The COVID-19 vaccine developed by AstraZeneca and the University of Oxford appeared to offer only limited protection against mild disease caused by the South African variant of the coronavirus, a spokesman for the British drug-maker has said. The statement on Saturday came after the Financial Times reported that the vaccine failed to prevent mild and moderate disease caused by the variant first identified in South Africa.
The newspaper cited early data from a trial conducted by South Africa’s University of the Witwatersrand and the University of Oxford, the findings of which are due to be published on Monday. The FT noted that none of the more than 2,000 mainly healthy and young participants in the trial had been hospitalized or died. The findings are yet to be peer-reviewed.
Responding to the FT report, an AstraZeneca spokesman said: “In this small phase I/II trial, early data has shown limited efficacy against mild disease primarily due to the B.1.351 South African variant. “However, we have not been able to properly ascertain its effect against severe disease and hospitalization given that subjects were predominantly young healthy adults.”
The company said it believed its vaccine could protect against severe disease, given that the neutralizing antibody activity was equivalent to that of other COVID-19 vaccines that have demonstrated protection against severe disease. The spokesman also said AstraZeneca has started adapting its vaccine against the South African variant and “will advance rapidly through clinical development so that it is ready for Autumn delivery should it be needed”.
While thousands of individual changes have arisen as the virus mutates into new variants, only a tiny minority are likely to be important or change the virus in an appreciable way, according to the British Medical Journal. Among coronavirus variants currently most concerning for scientists and public health experts are the so-called “South African”, “British” and “Brazilian” variants, which appear to spread more swiftly than others.

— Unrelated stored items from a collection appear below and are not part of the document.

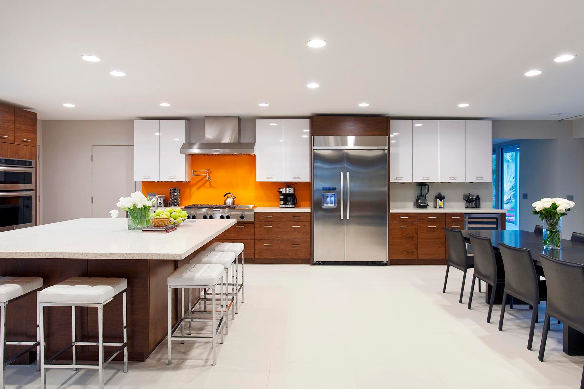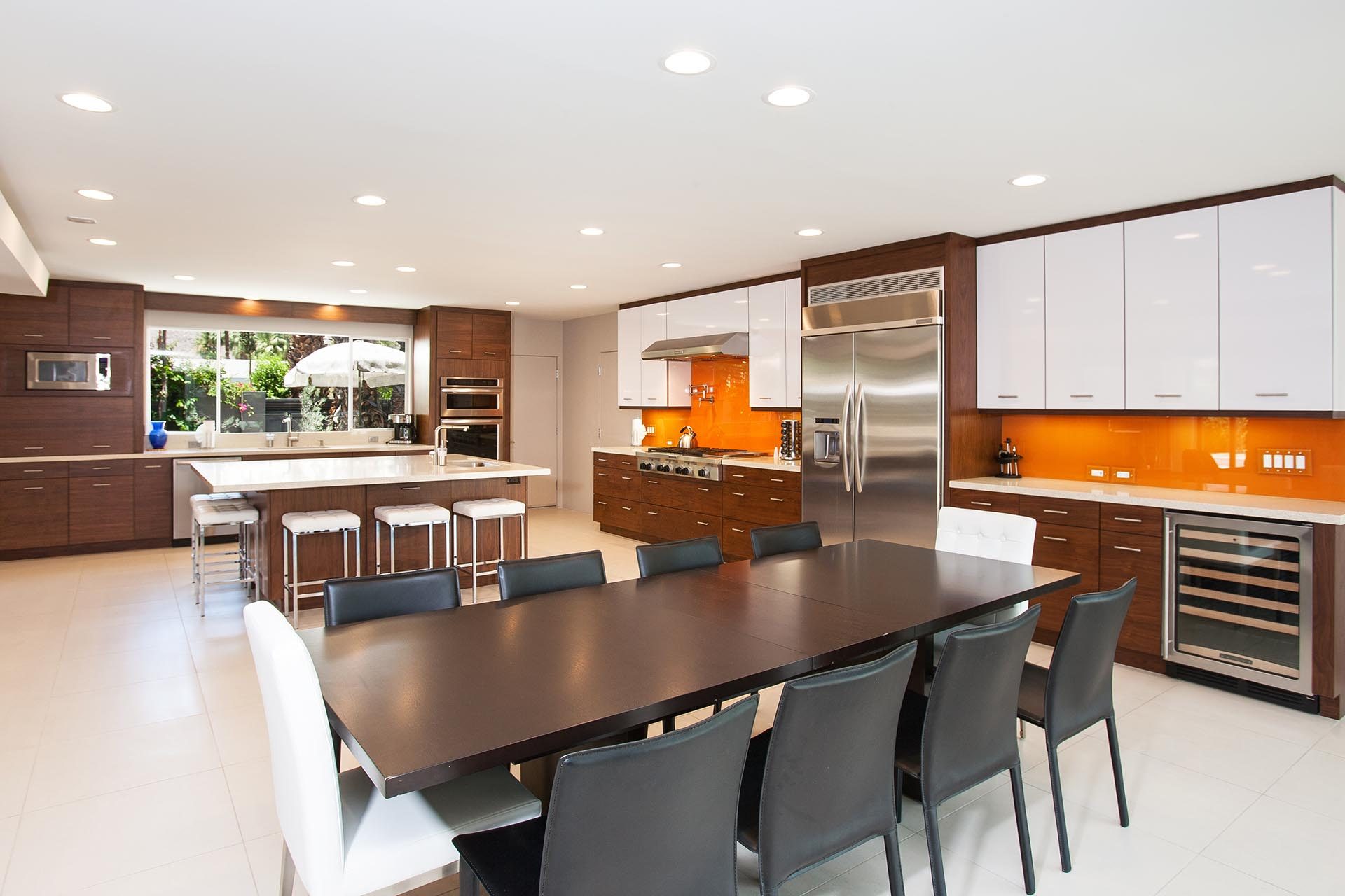 The contemporary kitchen features a large island, great counter space, top of the line appliances, including 48" refrigerator, 2 dishwashers, wine cooler, 6 burner stove with griddle, one convection microwave, one standard microwave and a stove top pot filler. The kitchen is fully equipped with almost every imaginable cooking utensil and appliance. If cooking is part of your vacation plans, you will not be disappointed! Seating for 8-10 at the dining table, and seating for 5 at the large kitchen island.
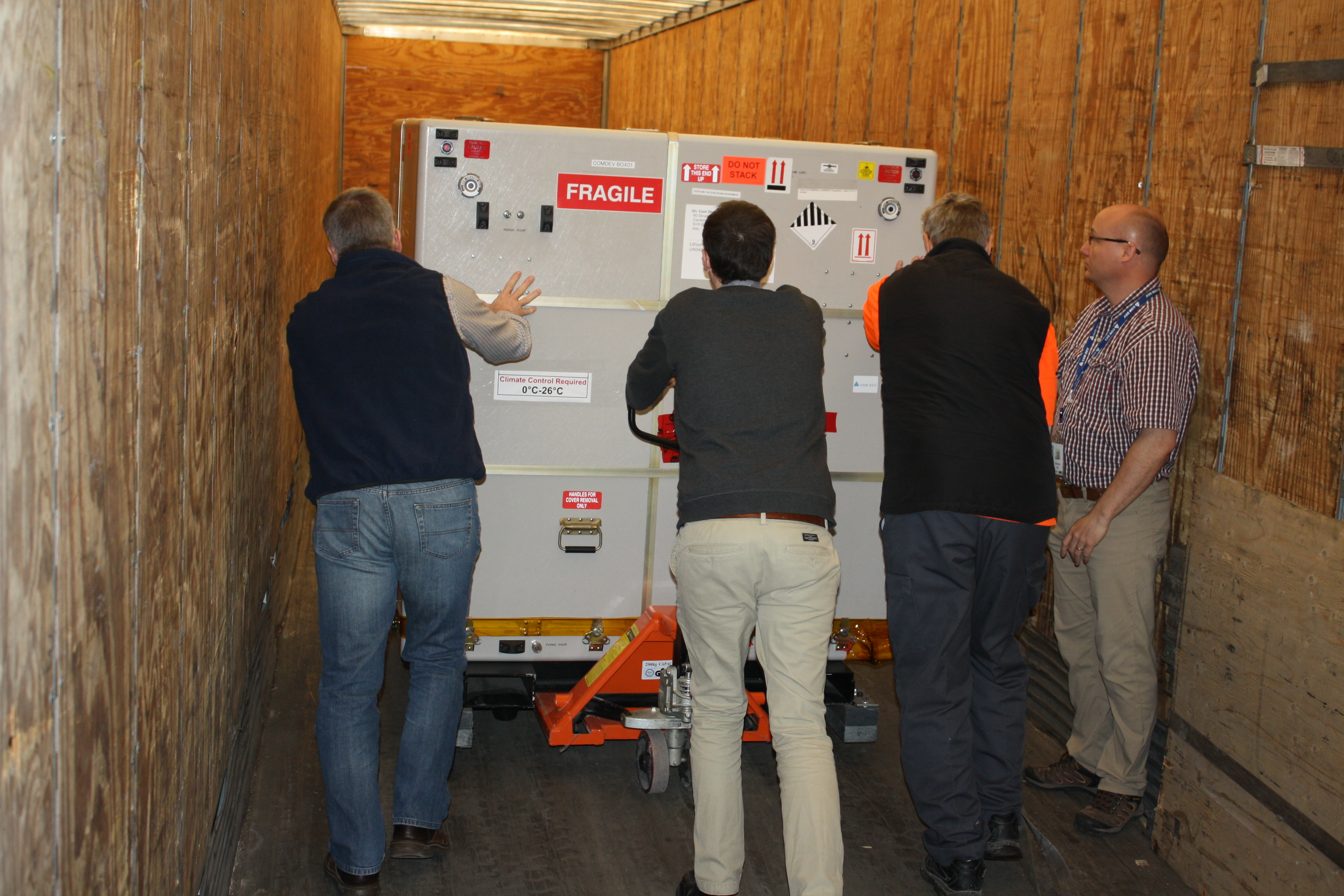 2016-05-02 - Le microsatellite canadien M3MSat est soigneusement préparé pour son transport vers l’Inde en vue de son lancement planifié le 9 juin 2016. (Source : Agence spatiale canadienne.)
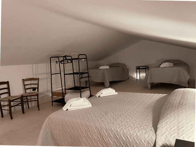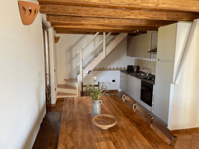 Die beiden Dreizimmerwohnungen Sinistra und Destra sind komplett und modern eingerichtet. Petra und Edwin haben diese beiden Wohnungen 2021 realisiert. Die Appartements verfügen über ein Wohnzimmer mit Küche, ein geräumiges Schlafzimmer mit Doppelbett und einen Schlafboden mit Doppelbett und zwei Einzelbetten. Die Küche verfügt über einen geräumigen Kühlschrank mit Gefrierfach, Herd, Spülmaschine, Backofen und ist mit ausreichend Pfannen, Geschirr und Besteck ausgestattet. Die Wohnungen verfügen über ein Badezimmer mit Waschbecken, Dusche und WC. Es gibt auch eine Waschmaschine im Badezimmer. An der Vorderseite haben die beiden Wohnungen eine gemeinsame große überdachte Terrasse. Jede Wohnung verfügt über einen Esstisch mit ausreichend Stühlen auf der Veranda. Auf der hinteren Terrasse befinden sich Liegestühle und ein Wäscheständer. Bade-, Bett- und Küchenwäsche sind inklusive.
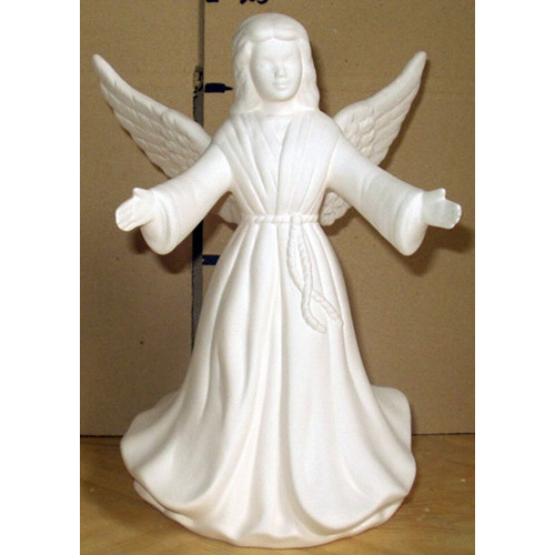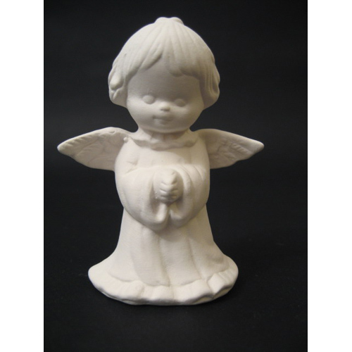 Réf. 14-086 ange debout, figurine, L 6 x l 6 x h 10 ; biscuit de faïence fine (céramique brute à peindre ou à émailler)
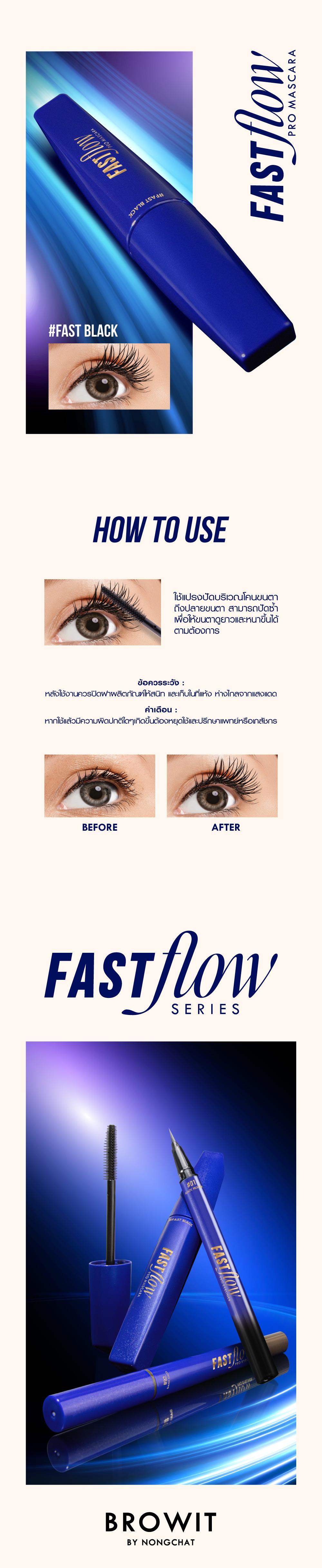 หมุนเปิดฝาผลิตภัณฑ์แล้วใช้แปรงปัดบริเวณโคนขนตาถึงปลายขนตา สามารถปัดซ้ำเพื่อให้ขนตาดูยาวและหนาขึ้นได้ตามต้องการ หลังจากใช้งาน ควรปิดฝาผลิตภัณฑ์ให้สนิท และเก็บในที่แห้ง ห่างไกลจากแสงแดด
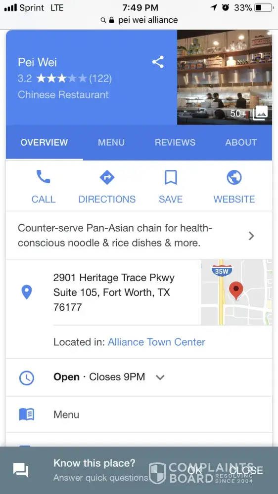 Pei Wei earns a 1.1-star rating from 0 reviews and 53 complaints, showing that the majority of diners are dissatisfied with their meals.
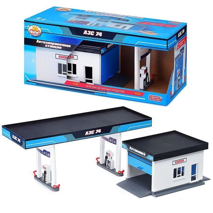 Игровой набор Форма АЗС для масштабных моделей С-199-Ф представляет собой модель автозаправочной станции и автомойки, которая станет отличным дополнением к треку для игрушечных автомобилей.
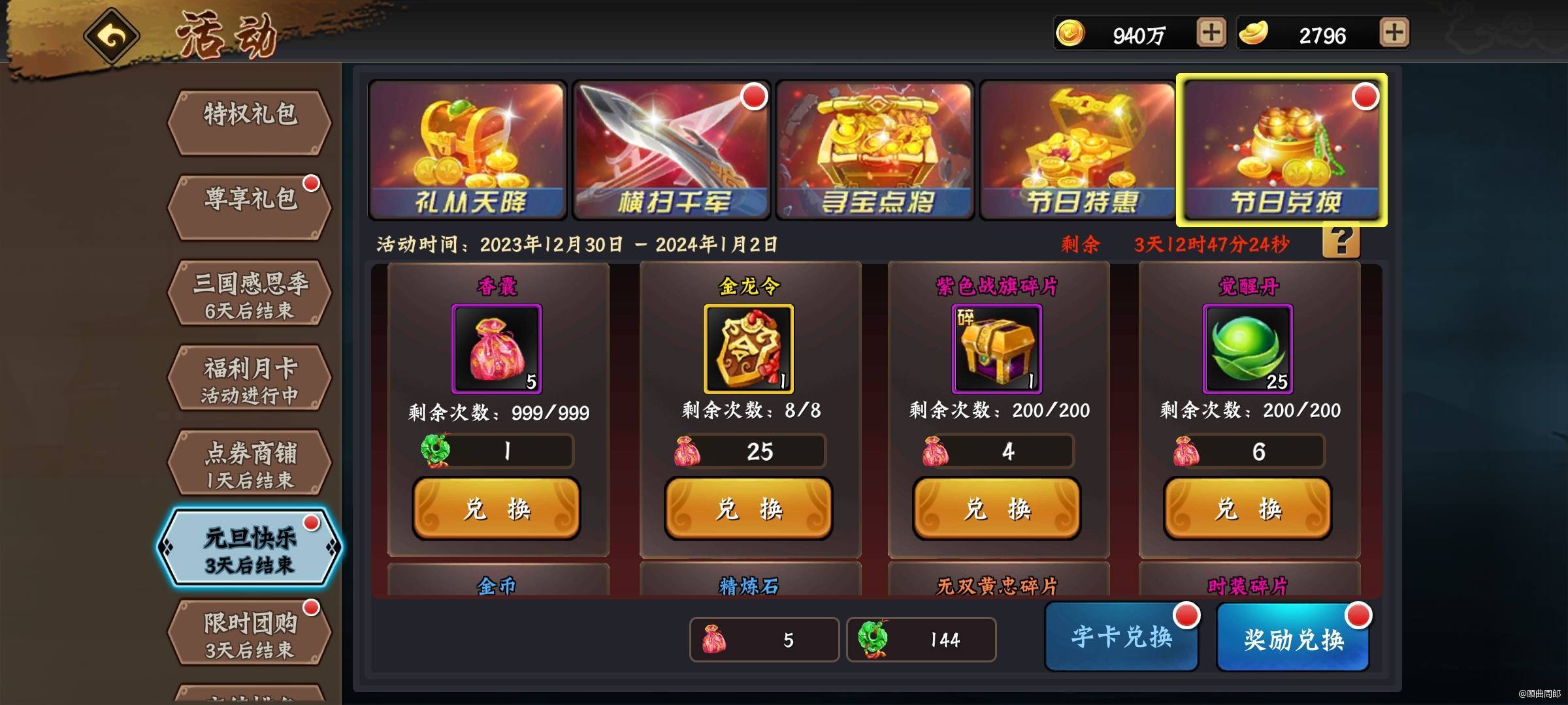 要想把战力提起来游戏材料是必不可少的,例如金币、精炼石、觉醒丹,金龙令,怎样快速的得到这些材料呢?恰好字卡活动是我们玩家最期待的。但是节日字卡活动你真的会玩吗? 顾名思义字卡活动必定有字卡,例如中秋节(中秋快乐),情人节(浓情蜜意)元旦(元旦快乐)。等等在国家法定节假日之外的一些节日当中游戏也会出一些字卡活动,例如(三国战纪字卡)等等都会有相对应的字卡。 其中从兑换的形式来区分又分为两种,一种是玉

Other vaccine developers including Johnson & Johnson and Novax have also said their vaccines showed reduced efficacy in clinical trials conducted in South Africa. The Johnson & Johnson vaccine was 57 percent effective in South Africa, compared with 72 percent in the United States and 66 percent in Latin America. Novax, meanwhile, said its vaccine was 89.3 percent effective in a trial conducted in the United Kingdom, but only showed 50 percent effectiveness in a trial carried out in South Africa.
Moderna also reported a reduced immune response from its vaccine against the South African variant, and has said it will test a new booster shot aimed at that variant. Scientists say the mutations underscore the need to accelerate vaccination efforts before new and even more dangerous variants arise.